MoE (Mixture of Experts)#
Complete workflow for Mixture of Experts (MoE) models using pre-quantized INT4 or NVFP4 checkpoints.
Note: For very large NVFP4 MoE checkpoints such as Nemotron Super 120B, externalize NVFP4 MoE plugin weights during export and keep the generated safetensors file with the ONNX directory.
Note: NVFP4 MoE uses separate plugins with different FC1 weight layouts:
Nvfp4MoePluginon SM100/101/110 (default) andNvFP4MoEPluginGeforceon SM120/121. SetEDGELLM_NVFP4_MOE_TARGET=sm12xbefore export for SM120/SM121 deployments; re-export if you change deployment GPU.
Prerequisites: Complete the Installation Guide before proceeding.

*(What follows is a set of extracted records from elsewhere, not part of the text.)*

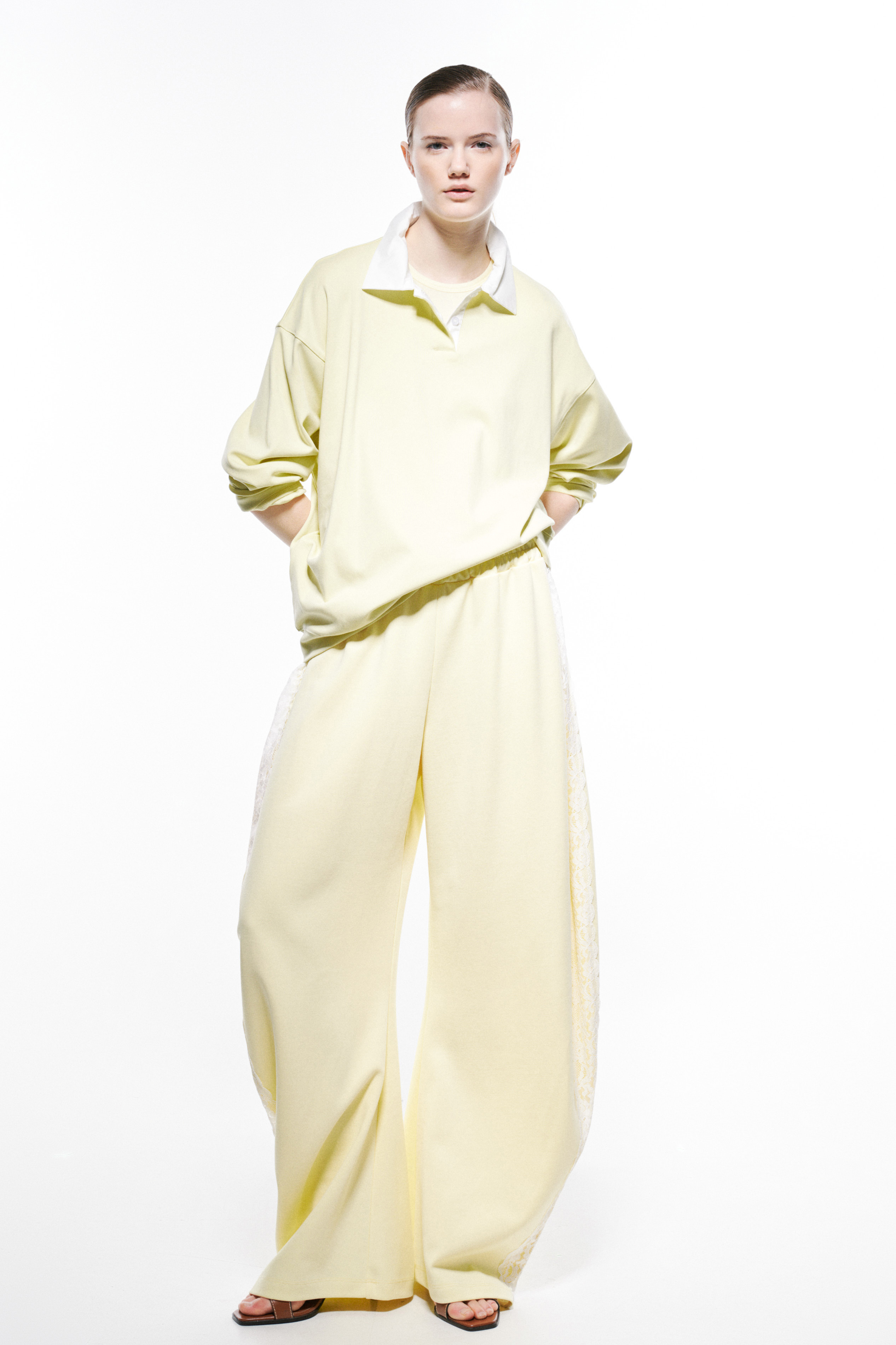 Pantaloni jogger lunghi con inserti laterali in pizzo.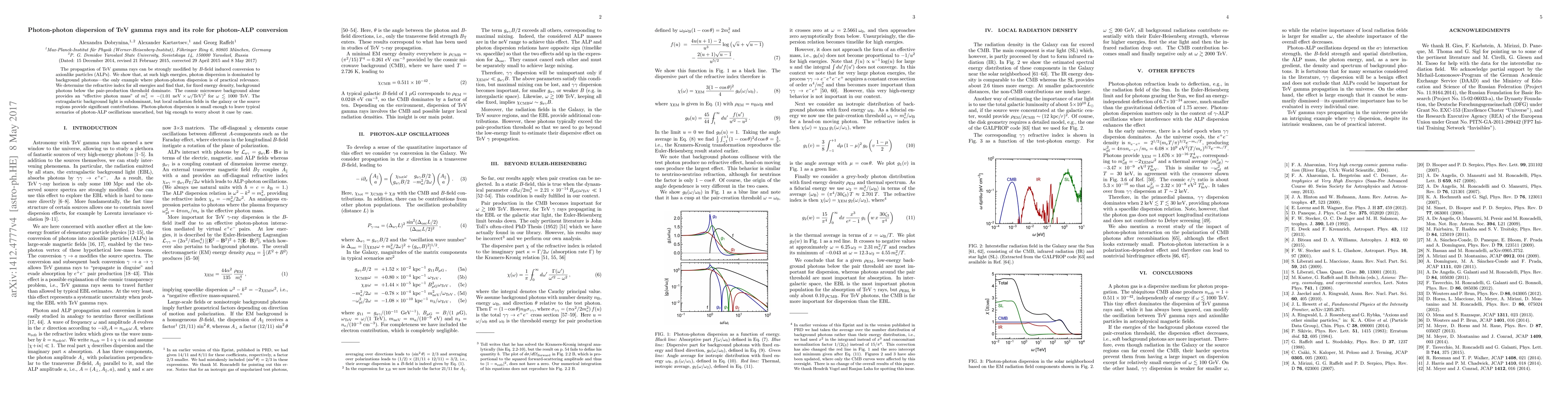The propagation of TeV gamma rays can be strongly modified by B-field induced conversion to axionlike particles (ALPs). We show that, at such high energies, photon dispersion is dominated by background photons - the only example where photon-photon dispersion is of practical relevance. We determine the refractive index for all energies and find that, for fixed energy density, background photons below the pair-production threshold dominate. The cosmic microwave background alone provides an "effective photon mass" of (m_gamma)^2 = -(1.01 neV * E/TeV)^2 for E < 1000 TeV. The extragalactic background light is subdominant, but local radiation fields in the galaxy or the source regions provide significant contributions. Photon-photon dispersion is small enough to leave typical scenarios of photon-ALP oscillations unscathed, but big enough to worry about it case by case.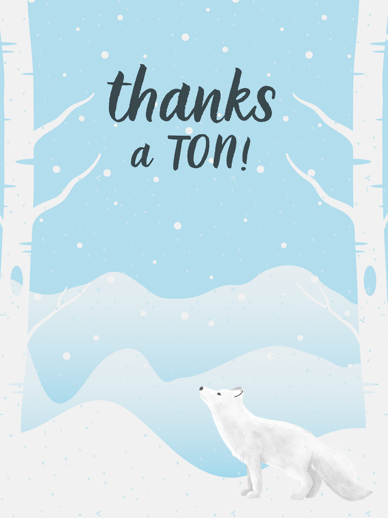 Send a special message of gratitude with the purchase of our "Thanks a Ton Arctic Fox" card that also takes action for the climate. Thanks a Ton greeting cards include the gift of carbon dioxide removal from the atmosphere and oceans. Select the method and the price point to remove carbon dioxide by the kilos or the ton. Planet Earth thanks you.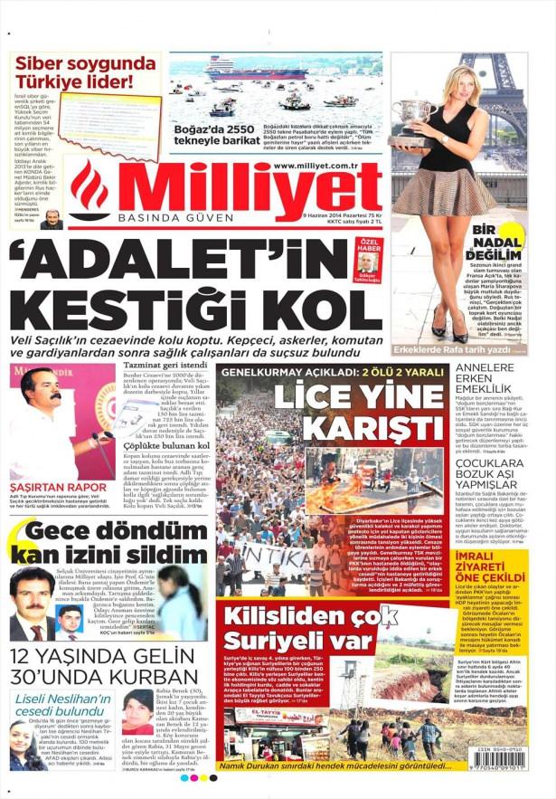 9 Haziran 2014 gazete manşetleri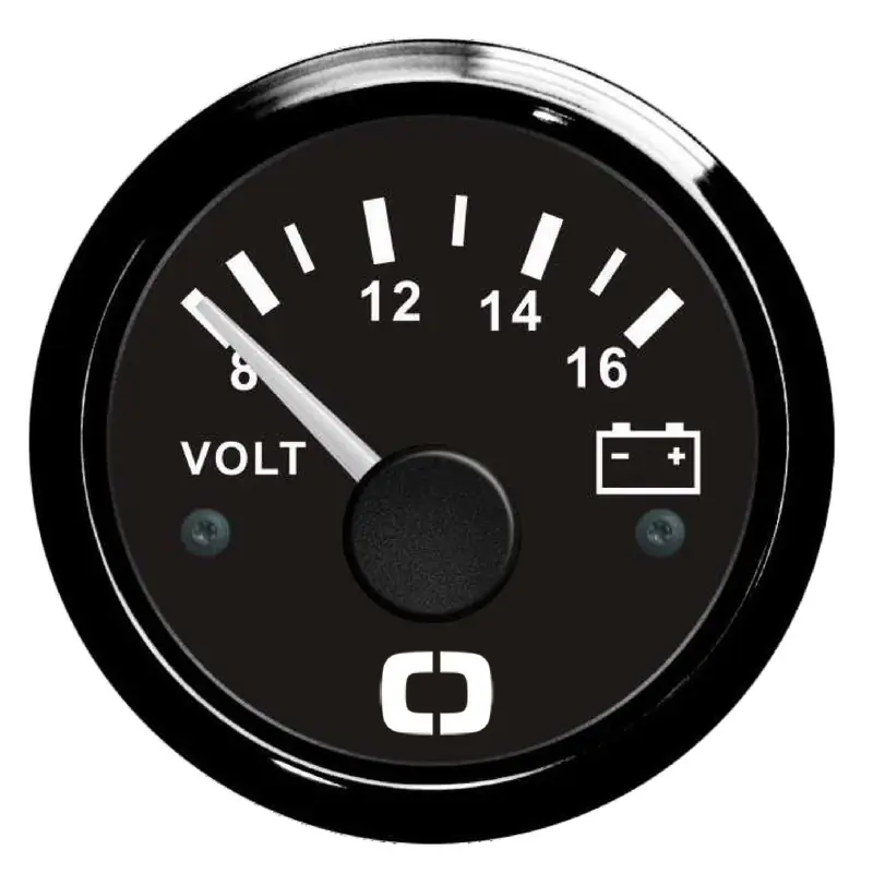 Accurate 8/16 V voltmeter with a stylish black dial for reliable marine use.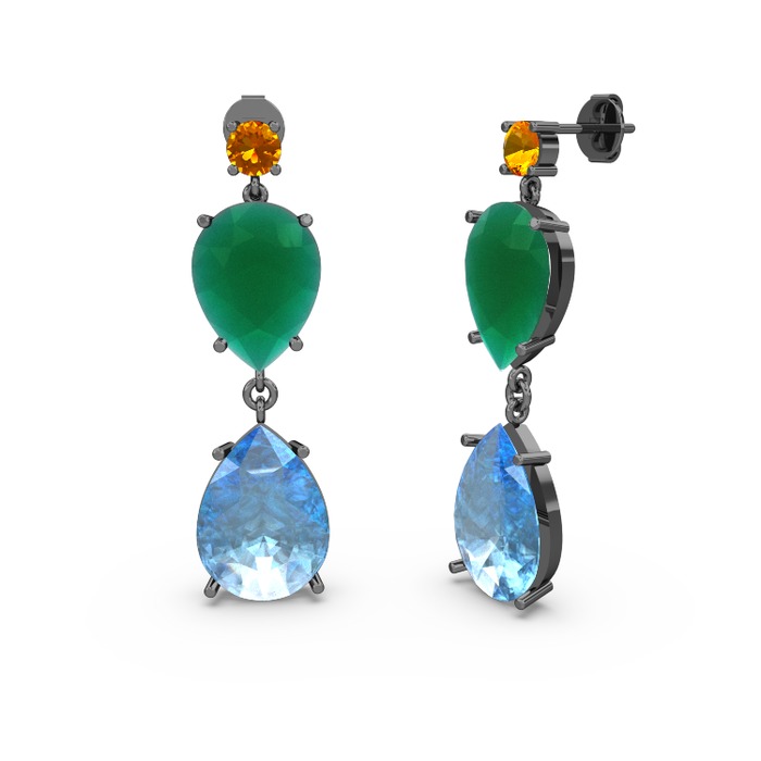 Sitrin, akuamarin ve kök zümrüt 925 ayar siyah rodyum kaplama gümüş küpe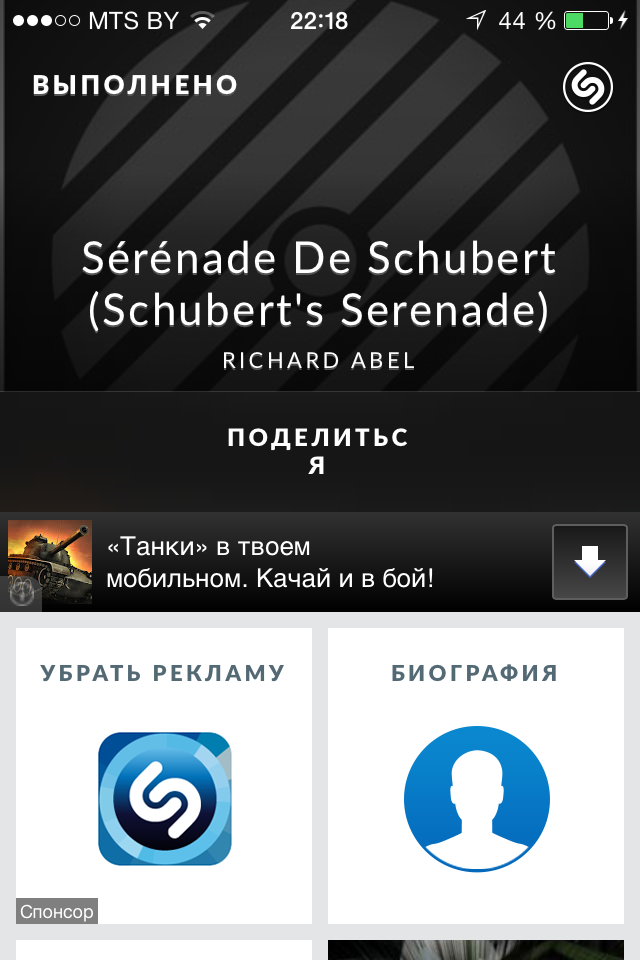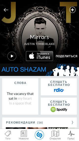 ○ Поделиться тегами с друзьями по Shazam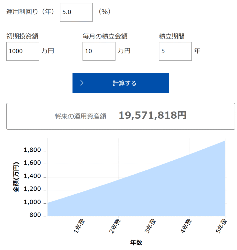 さらに毎月10万円を積立できた場合は5年で約2000万円に到達できます。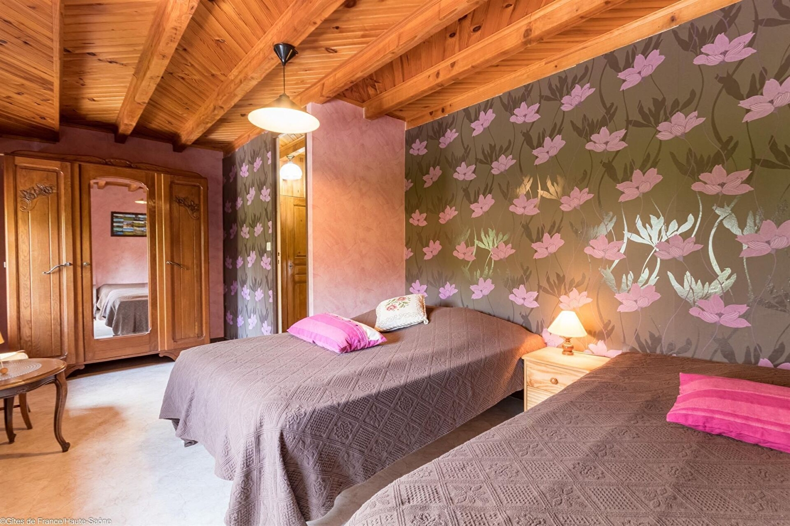 -À l'étage : une chambre avec deux lits de 140. Une chambre avec un lit 140 et un lit bébé.

Step 1: Export (x86 Host, CPU-only)#
Export always runs on CPU; no GPU is required:
export WORKSPACE_DIR=$HOME/tensorrt-edgellm-workspace
export MODEL_NAME=Qwen3-30B-A3B-GPTQ-Int4
mkdir -p $WORKSPACE_DIR
cd $WORKSPACE_DIR
tensorrt-edgellm-export \
Qwen/Qwen3-30B-A3B-GPTQ-Int4 \
$MODEL_NAME/exported
mkdir -p $MODEL_NAME/onnx
cp -a $MODEL_NAME/exported/llm/. $MODEL_NAME/onnx/
For Nemotron Super 120B NVFP4, externalize the MoE plugin weights to reduce engine build memory pressure:
export WORKSPACE_DIR=$HOME/tensorrt-edgellm-workspace
export MODEL_NAME=NVIDIA-Nemotron-3-Super-120B-A12B-NVFP4
mkdir -p $WORKSPACE_DIR
cd $WORKSPACE_DIR
# For NVFP4 MoE engines on SM120/SM121, set the target before exporting:
export EDGELLM_NVFP4_MOE_TARGET=sm12x
tensorrt-edgellm-export \
nvidia/NVIDIA-Nemotron-3-Super-120B-A12B-NVFP4 \
$MODEL_NAME/exported \
--externalize-weights nvfp4_moe \
--max-kv-cache-capacity 4096
mkdir -p $MODEL_NAME/onnx
cp -a $MODEL_NAME/exported/llm/. $MODEL_NAME/onnx/
Step 2: Transfer to Device#
# Transfer ONNX to device
scp -r $MODEL_NAME/onnx \
<device_user>@<device_ip>:~/tensorrt-edgellm-workspace/$MODEL_NAME/
Step 3: Build Engine (Edge Device)#
llm_build is the same as for regular LLMs:
export WORKSPACE_DIR=$HOME/tensorrt-edgellm-workspace
export MODEL_NAME=Qwen3-30B-A3B-GPTQ-Int4
cd /path/to/TensorRT-Edge-LLM
./build/examples/llm/llm_build \
--onnxDir $WORKSPACE_DIR/$MODEL_NAME/onnx \
--engineDir $WORKSPACE_DIR/$MODEL_NAME/engines \
--maxBatchSize 1 \
--maxInputLen 3072 \
--maxKVCacheCapacity 4096
Step 4: Run Inference (Edge Device)#
llm_inference is the same as for regular LLMs:
cd /path/to/TensorRT-Edge-LLM
./build/examples/llm/llm_inference \
--engineDir $WORKSPACE_DIR/$MODEL_NAME/engines \
--inputFile $WORKSPACE_DIR/input.json \
--outputFile $WORKSPACE_DIR/output.json
MoE export uses CPU-only; build and inference use the same llm_build and llm_inference as standard LLMs.